_DATA UNDER STUDY_.
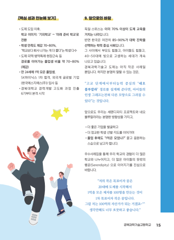 [%ud575%uc2ec %uc131%uacfc %ud55c%ub208%uc5d0 %ubcf4%uae30]%u2022%ub3c4%uc81c %ub3c4%uc785 %uc774%ud6c4,%u0009%ud559%uad50 %uc774%ubbf8%uc9c0: %u2018%uae30%ud53c%ud559%uad50%u2019 %u2192 %u2018%ubbf8%ub798 %uc900%ube44 %ud559%uad50%u2019%ub85c %uc804%ud658%u2022%ud559%uc0dd %ub9cc%uc871%ub3c4 %uccb4%uac10 70~80%,%u201c%ud559%uad50%ubcf4%ub2e4 %ud68c%uc0ac %ub098%uac00%ub294 %uac8c %ub354 %uc88b%ub2e4%u201d%ub294 %ud559%uc0dd %ub2e4%uc218%u2022%ub3c4%uc81c%u00b7%ud53c%ud14d%u00b7%ubcd1%uc5ed%ud2b9%ub840%u00b7%ud604%uc7a5%uadfc%uc18d %ub4f1%u0009%uacbd%ub85c%ub97c %uc774%uc5b4%uac00%ub294 %uc878%uc5c5%uc0dd %ube44%uc728 %uc57d 70~80% (%uccb4%uac10)%u2022%ub9cc 24%uc138%uc5d0 1%uc5b5 %ubaa8%uc740 %uc878%uc5c5%uc0dd, SK%ud558%uc774%ub2c9%uc2a4 1%ucc28 %ud569%uaca9, %uc678%uad6d%uacc4 %uae00%ub85c%ubc8c %uae30%uc5c5(%ud55c%uad6d%uc5d0%uc2a4%uc9c0%uc5d0%uc2a4(%uc8fc)) %uc785%uc0ac %ub4f1%u2022%uacbd%ubd81%ub300%ud559%uad50 %uacbd%ub825%uac1c%ubc1c %uace0%ub3c4%ud654 %uacfc%uc815 %uc9c4%ucd9c6%uae30%ubd80%ud130 %ubcf8%uaca9 %uc2dc%uc7919. %uc55e%uc73c%ub85c%uc758 %ubc14%ub78c%ub3c5%uc77c%u00b7%uc2a4%uc704%uc2a4%ub294 %uc774%ubbf8 70% %uc774%uc0c1%uc774 %ub3c4%uc81c %uad50%uc721%uc744 %uac70%uce58%ub294 %ub098%ub77c%uc785%ub2c8%ub2e4.%ubc18%uba74 %ud55c%uad6d%uc740 %uc5ec%uc804%ud788 85~90%%uac00 %ub300%ud559 %uc9c4%ud559%uc744 %uc120%ud0dd%ud558%ub294 %ud559%ub825 %uc911%uc2ec %uc0ac%ud68c%uc785%ub2c8%ub2e4.%uadf8 %uc0ac%uc774%uc5d0%uc11c %ubd80%ubaa8%ub3c4 %ud798%ub4e4%uace0, %uc544%uc774%ub4e4%ub3c4 %ud798%ub4e4%uace0,40~50%ub300%uc5d0 %ube5a%uc73c%ub85c %uace0%uc0dd%ud558%ub294 %uc138%ub300%uac00 %uacc4%uc18d%ub098%uc624%uace0 %uc788%uc2b5%ub2c8%ub2e4.%uacbd%ubd81%uacfc%ud559%uae30%uc220%uace0 %ub3c4%uc81c%ub294 %uc544%uc9c1 %uc791%uc740 %uc0ac%ub840%uc77c%ubfd0%uc785%ub2c8%ub2e4. %ud558%uc9c0%ub9cc %ubd84%uba85%ud788 %ub9d0%ud560 %uc218 %uc788%ub294 %uac83%uc740,%u201c%uace0%uad50 %ub2e8%uacc4%uc5d0%uc11c%ubd80%ud130%ub2a5%ub825 %uc911%uc2ec%uc758 %u2018%ub124%uc624 %ube14%ub8e8%uce7c%ub77c%u2019 %uacbd%ub85c%ub97c %uc124%uacc4%ud574 %uc900%ub2e4%uba74, %uc544%uc774%ub4e4%uc758 %uc778%uc0dd %uadf8%ub798%ud504%ub294%uc804%ud600 %ub2e4%ub978 %ubaa8%uc591%uc73c%ub85c %uadf8%ub824%uc9c8 %uc218 %uc788%ub2e4%u201d%ub294 %uac83%uc785%ub2c8%ub2e4.%uc55e%uc73c%ub85c%ub3c4 %uc6b0%ub9ac%ub294 %uc138%ub80c%ub514%ud53c%ud2f0 %ud504%ub85c%uc81d%ud2b8%uc640 %ub124%uc624%ube14%ub8e8%uce7c%ub77c%ub77c%ub294 %ubd84%uba85%ud55c %ubc29%ud5a5%uc131%uc744 %uac00%uc9c0%uace0,%u2022%ub354 %uc88b%uc740 %uae30%uc5c5%uc744 %ubc1c%uad74%ud558%uace0%u2022%ub354 %uc815%uad50%ud55c %ud559%uc0dd %uc120%ubc1c%u00b7%uc9c0%ub3c4%ub97c %uc774%uc5b4%uac00%uba70%u2022%uc878%uc5c5 %ud6c4%uc5d0%ub3c4 %u201c1%uc5b5%uc740 %ubaa8%uc558%ub0d0?%u201d %ubb3b%uace0 %uc751%uc6d0%ud558%ub294%uc2a4%uc2b9%uc73c%ub85c %ub0a8%uace0%uc790 %ud569%ub2c8%ub2e4.%uc6b0%uc218%uc0ac%ub840%uc9d1%uc744 %ud1b5%ud574 %uc6b0%ub9ac %ud559%uad50%uc758 %uacbd%ud5d8%uc774 %ub354 %ub9ce%uc740%ud559%uad50%uc640 %ub098%ub204%uc5b4%uc9c0%uace0, %ub354 %ub9ce%uc740 %uc544%uc774%ub4e4%uc758 %ub73b%ubc16%uc758%ud589%uc6b4(Serendipity) %uc73c%ub85c %uc774%uc5b4%uc9c0%uae30%ub97c %uc9c4%uc2ec%uc73c%ub85c%ubc14%ub78d%ub2c8%ub2e4.%u201c%uc800%uc758 %uc791%uc740 %ubaa9%ud45c%uc774%uc790 %uafc8%uc74020%ub300%uc5d0 %ub3c4%uc81c%ub97c %uc2dc%uc791%ud574%uc11c1%uc5b5%uc744 %ubaa8%uc740 %uc81c%uc790%ub97c 100%uba85%uc744 %ub9cc%ub4e0%ub294 %uac83%uc774 1%ucc28 %ubaa9%ud45c%uc774%uc790 %uc791%uc740 %uafc8%uc785%ub2c8%ub2e4.%uadf8%ub7fc %uc800%ub294 100%uc5b5%uc758 %uc790%uc0b0%uac00%uac00 %ub418%ub294 %uac70%uaca0%uc8e0~^^%uc0dd%uac01%ub9cc%ud574%ub3c4 %ub108%ubb34 %ud750%ubb47%ud558%uace0 %uc88b%uc2b5%ub2c8%ub2e4.%u201d%uacbd%ubd81%uacfc%ud559%uae30%uc220%uace0%ub4f1%ud559%uad50 15%uace0%uad50%uc77c%ud559%uc2b5%ubcd1%ud589 %uc6b0%uc218%uc0ac%ub840%uc9d1_1223.indd 15 2025. 12. 24. %uc624%uc804 11:39
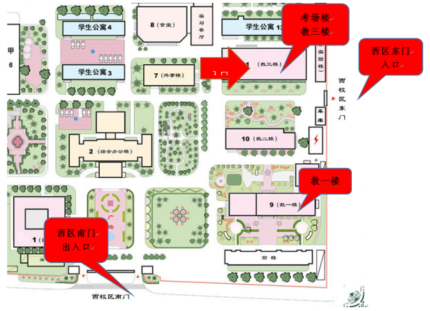 3.校外考生于阜成路校区西区南门出入。
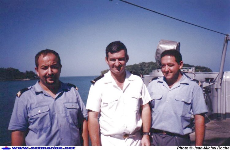 La joyeuse équipe des timoniers sur l'aileron bâbord. De gauche à droite : SM Mur, PM Rossignol, SM Faure.
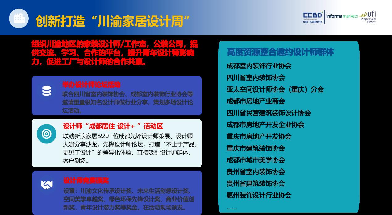 设计重塑空间,美学赋能产业。作为“设计之都”,成都汇聚了西南地区67%的知名设计机构,创意资源富集。2026中国成都建博会创新打造“川渝家居设计周”,联合重庆市建筑装饰协会、亚太设计师协会重庆分会、成都市建筑装饰协会、四川省室内装饰协会、成都室内装饰行业协会等权威机构,策划多场设计主题展与专业论坛,推动设计价值向产业价值高效转化。
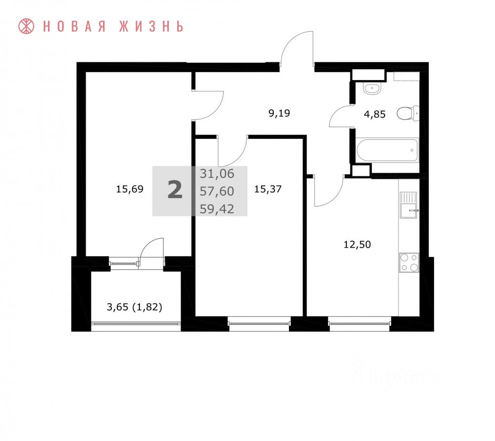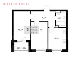 59,4 м²

_EXERCISE PROMPT_. Could you reproduce every entry exactly, leaving out the pictures?

_RESPONSE_.
 [%ud575%uc2ec %uc131%uacfc %ud55c%ub208%uc5d0 %ubcf4%uae30]%u2022%ub3c4%uc81c %ub3c4%uc785 %uc774%ud6c4,%u0009%ud559%uad50 %uc774%ubbf8%uc9c0: %u2018%uae30%ud53c%ud559%uad50%u2019 %u2192 %u2018%ubbf8%ub798 %uc900%ube44 %ud559%uad50%u2019%ub85c %uc804%ud658%u2022%ud559%uc0dd %ub9cc%uc871%ub3c4 %uccb4%uac10 70~80%,%u201c%ud559%uad50%ubcf4%ub2e4 %ud68c%uc0ac %ub098%uac00%ub294 %uac8c %ub354 %uc88b%ub2e4%u201d%ub294 %ud559%uc0dd %ub2e4%uc218%u2022%ub3c4%uc81c%u00b7%ud53c%ud14d%u00b7%ubcd1%uc5ed%ud2b9%ub840%u00b7%ud604%uc7a5%uadfc%uc18d %ub4f1%u0009%uacbd%ub85c%ub97c %uc774%uc5b4%uac00%ub294 %uc878%uc5c5%uc0dd %ube44%uc728 %uc57d 70~80% (%uccb4%uac10)%u2022%ub9cc 24%uc138%uc5d0 1%uc5b5 %ubaa8%uc740 %uc878%uc5c5%uc0dd, SK%ud558%uc774%ub2c9%uc2a4 1%ucc28 %ud569%uaca9, %uc678%uad6d%uacc4 %uae00%ub85c%ubc8c %uae30%uc5c5(%ud55c%uad6d%uc5d0%uc2a4%uc9c0%uc5d0%uc2a4(%uc8fc)) %uc785%uc0ac %ub4f1%u2022%uacbd%ubd81%ub300%ud559%uad50 %uacbd%ub825%uac1c%ubc1c %uace0%ub3c4%ud654 %uacfc%uc815 %uc9c4%ucd9c6%uae30%ubd80%ud130 %ubcf8%uaca9 %uc2dc%uc7919. %uc55e%uc73c%ub85c%uc758 %ubc14%ub78c%ub3c5%uc77c%u00b7%uc2a4%uc704%uc2a4%ub294 %uc774%ubbf8 70% %uc774%uc0c1%uc774 %ub3c4%uc81c %uad50%uc721%uc744 %uac70%uce58%ub294 %ub098%ub77c%uc785%ub2c8%ub2e4.%ubc18%uba74 %ud55c%uad6d%uc740 %uc5ec%uc804%ud788 85~90%%uac00 %ub300%ud559 %uc9c4%ud559%uc744 %uc120%ud0dd%ud558%ub294 %ud559%ub825 %uc911%uc2ec %uc0ac%ud68c%uc785%ub2c8%ub2e4.%uadf8 %uc0ac%uc774%uc5d0%uc11c %ubd80%ubaa8%ub3c4 %ud798%ub4e4%uace0, %uc544%uc774%ub4e4%ub3c4 %ud798%ub4e4%uace0,40~50%ub300%uc5d0 %ube5a%uc73c%ub85c %uace0%uc0dd%ud558%ub294 %uc138%ub300%uac00 %uacc4%uc18d%ub098%uc624%uace0 %uc788%uc2b5%ub2c8%ub2e4.%uacbd%ubd81%uacfc%ud559%uae30%uc220%uace0 %ub3c4%uc81c%ub294 %uc544%uc9c1 %uc791%uc740 %uc0ac%ub840%uc77c%ubfd0%uc785%ub2c8%ub2e4. %ud558%uc9c0%ub9cc %ubd84%uba85%ud788 %ub9d0%ud560 %uc218 %uc788%ub294 %uac83%uc740,%u201c%uace0%uad50 %ub2e8%uacc4%uc5d0%uc11c%ubd80%ud130%ub2a5%ub825 %uc911%uc2ec%uc758 %u2018%ub124%uc624 %ube14%ub8e8%uce7c%ub77c%u2019 %uacbd%ub85c%ub97c %uc124%uacc4%ud574 %uc900%ub2e4%uba74, %uc544%uc774%ub4e4%uc758 %uc778%uc0dd %uadf8%ub798%ud504%ub294%uc804%ud600 %ub2e4%ub978 %ubaa8%uc591%uc73c%ub85c %uadf8%ub824%uc9c8 %uc218 %uc788%ub2e4%u201d%ub294 %uac83%uc785%ub2c8%ub2e4.%uc55e%uc73c%ub85c%ub3c4 %uc6b0%ub9ac%ub294 %uc138%ub80c%ub514%ud53c%ud2f0 %ud504%ub85c%uc81d%ud2b8%uc640 %ub124%uc624%ube14%ub8e8%uce7c%ub77c%ub77c%ub294 %ubd84%uba85%ud55c %ubc29%ud5a5%uc131%uc744 %uac00%uc9c0%uace0,%u2022%ub354 %uc88b%uc740 %uae30%uc5c5%uc744 %ubc1c%uad74%ud558%uace0%u2022%ub354 %uc815%uad50%ud55c %ud559%uc0dd %uc120%ubc1c%u00b7%uc9c0%ub3c4%ub97c %uc774%uc5b4%uac00%uba70%u2022%uc878%uc5c5 %ud6c4%uc5d0%ub3c4 %u201c1%uc5b5%uc740 %ubaa8%uc558%ub0d0?%u201d %ubb3b%uace0 %uc751%uc6d0%ud558%ub294%uc2a4%uc2b9%uc73c%ub85c %ub0a8%uace0%uc790 %ud569%ub2c8%ub2e4.%uc6b0%uc218%uc0ac%ub840%uc9d1%uc744 %ud1b5%ud574 %uc6b0%ub9ac %ud559%uad50%uc758 %uacbd%ud5d8%uc774 %ub354 %ub9ce%uc740%ud559%uad50%uc640 %ub098%ub204%uc5b4%uc9c0%uace0, %ub354 %ub9ce%uc740 %uc544%uc774%ub4e4%uc758 %ub73b%ubc16%uc758%ud589%uc6b4(Serendipity) %uc73c%ub85c %uc774%uc5b4%uc9c0%uae30%ub97c %uc9c4%uc2ec%uc73c%ub85c%ubc14%ub78d%ub2c8%ub2e4.%u201c%uc800%uc758 %uc791%uc740 %ubaa9%ud45c%uc774%uc790 %uafc8%uc74020%ub300%uc5d0 %ub3c4%uc81c%ub97c %uc2dc%uc791%ud574%uc11c1%uc5b5%uc744 %ubaa8%uc740 %uc81c%uc790%ub97c 100%uba85%uc744 %ub9cc%ub4e0%ub294 %uac83%uc774 1%ucc28 %ubaa9%ud45c%uc774%uc790 %uc791%uc740 %uafc8%uc785%ub2c8%ub2e4.%uadf8%ub7fc %uc800%ub294 100%uc5b5%uc758 %uc790%uc0b0%uac00%uac00 %ub418%ub294 %uac70%uaca0%uc8e0~^^%uc0dd%uac01%ub9cc%ud574%ub3c4 %ub108%ubb34 %ud750%ubb47%ud558%uace0 %uc88b%uc2b5%ub2c8%ub2e4.%u201d%uacbd%ubd81%uacfc%ud559%uae30%uc220%uace0%ub4f1%ud559%uad50 15%uace0%uad50%uc77c%ud559%uc2b5%ubcd1%ud589 %uc6b0%uc218%uc0ac%ub840%uc9d1_1223.indd 15 2025. 12. 24. %uc624%uc804 11:39
 3.校外考生于阜成路校区西区南门出入。
 La joyeuse équipe des timoniers sur l'aileron bâbord. De gauche à droite : SM Mur, PM Rossignol, SM Faure.
 设计重塑空间,美学赋能产业。作为“设计之都”,成都汇聚了西南地区67%的知名设计机构,创意资源富集。2026中国成都建博会创新打造“川渝家居设计周”,联合重庆市建筑装饰协会、亚太设计师协会重庆分会、成都市建筑装饰协会、四川省室内装饰协会、成都室内装饰行业协会等权威机构,策划多场设计主题展与专业论坛,推动设计价值向产业价值高效转化。
 59,4 м²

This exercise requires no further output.